Work order.
Extract, exactly as written, the line that contains "Pełen elegancji i" and all lines after it through the end of the records. Omit pictures.

Extracted records

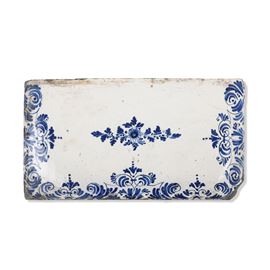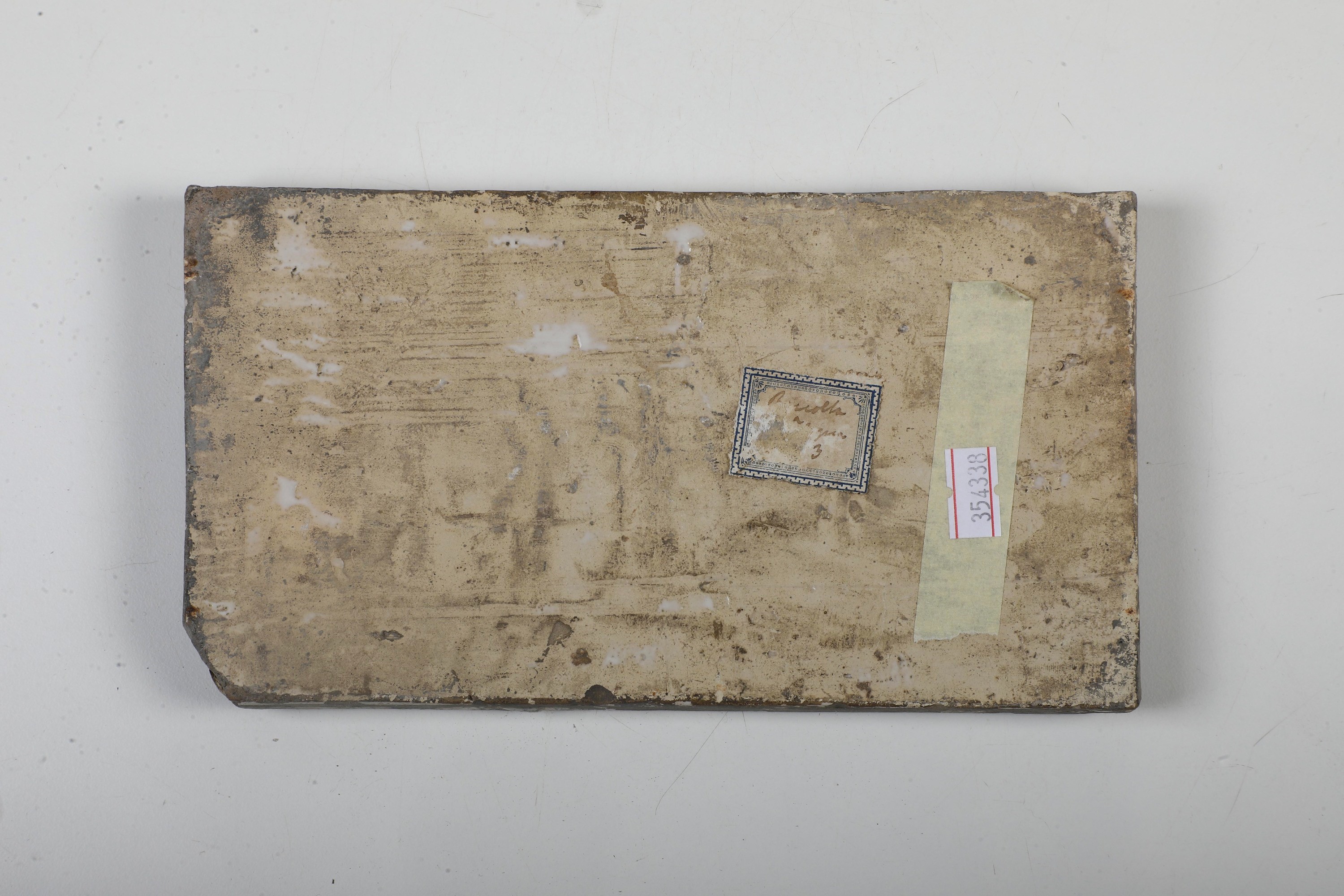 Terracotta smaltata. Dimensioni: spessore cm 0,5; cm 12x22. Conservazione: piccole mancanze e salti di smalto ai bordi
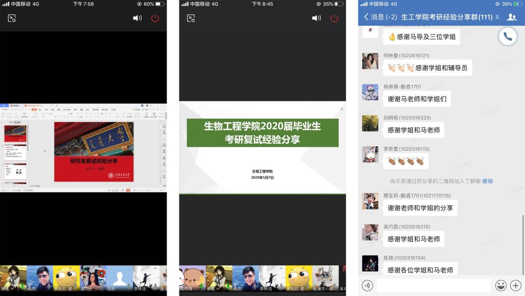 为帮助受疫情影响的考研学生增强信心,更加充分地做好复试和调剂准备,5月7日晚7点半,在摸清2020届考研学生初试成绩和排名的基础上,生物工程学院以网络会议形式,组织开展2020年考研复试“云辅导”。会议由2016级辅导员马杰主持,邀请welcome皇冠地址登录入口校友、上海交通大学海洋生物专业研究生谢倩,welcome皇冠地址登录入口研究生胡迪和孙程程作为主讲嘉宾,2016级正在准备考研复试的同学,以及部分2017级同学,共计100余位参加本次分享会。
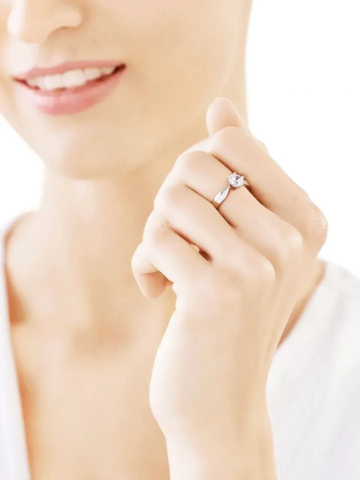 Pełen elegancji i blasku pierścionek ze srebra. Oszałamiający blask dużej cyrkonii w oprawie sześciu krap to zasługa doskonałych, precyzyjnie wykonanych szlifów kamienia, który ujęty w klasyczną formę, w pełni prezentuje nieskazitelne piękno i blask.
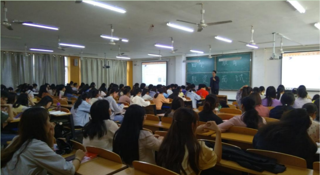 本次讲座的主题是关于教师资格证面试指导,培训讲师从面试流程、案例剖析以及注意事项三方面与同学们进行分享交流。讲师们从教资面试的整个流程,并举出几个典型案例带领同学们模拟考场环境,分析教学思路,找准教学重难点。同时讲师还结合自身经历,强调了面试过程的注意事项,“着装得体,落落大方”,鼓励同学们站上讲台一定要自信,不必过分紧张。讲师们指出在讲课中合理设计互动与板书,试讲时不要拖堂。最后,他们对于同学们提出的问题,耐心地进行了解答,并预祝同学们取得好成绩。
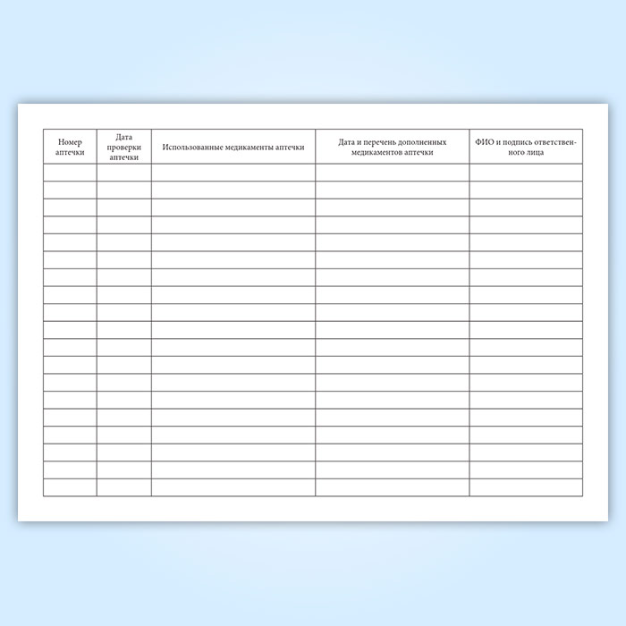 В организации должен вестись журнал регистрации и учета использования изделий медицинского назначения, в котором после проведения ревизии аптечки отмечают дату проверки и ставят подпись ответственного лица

Response box.
 Pełen elegancji i blasku pierścionek ze srebra. Oszałamiający blask dużej cyrkonii w oprawie sześciu krap to zasługa doskonałych, precyzyjnie wykonanych szlifów kamienia, który ujęty w klasyczną formę, w pełni prezentuje nieskazitelne piękno i blask.
 本次讲座的主题是关于教师资格证面试指导,培训讲师从面试流程、案例剖析以及注意事项三方面与同学们进行分享交流。讲师们从教资面试的整个流程,并举出几个典型案例带领同学们模拟考场环境,分析教学思路,找准教学重难点。同时讲师还结合自身经历,强调了面试过程的注意事项,“着装得体,落落大方”,鼓励同学们站上讲台一定要自信,不必过分紧张。讲师们指出在讲课中合理设计互动与板书,试讲时不要拖堂。最后,他们对于同学们提出的问题,耐心地进行了解答,并预祝同学们取得好成绩。
 В организации должен вестись журнал регистрации и учета использования изделий медицинского назначения, в котором после проведения ревизии аптечки отмечают дату проверки и ставят подпись ответственного лица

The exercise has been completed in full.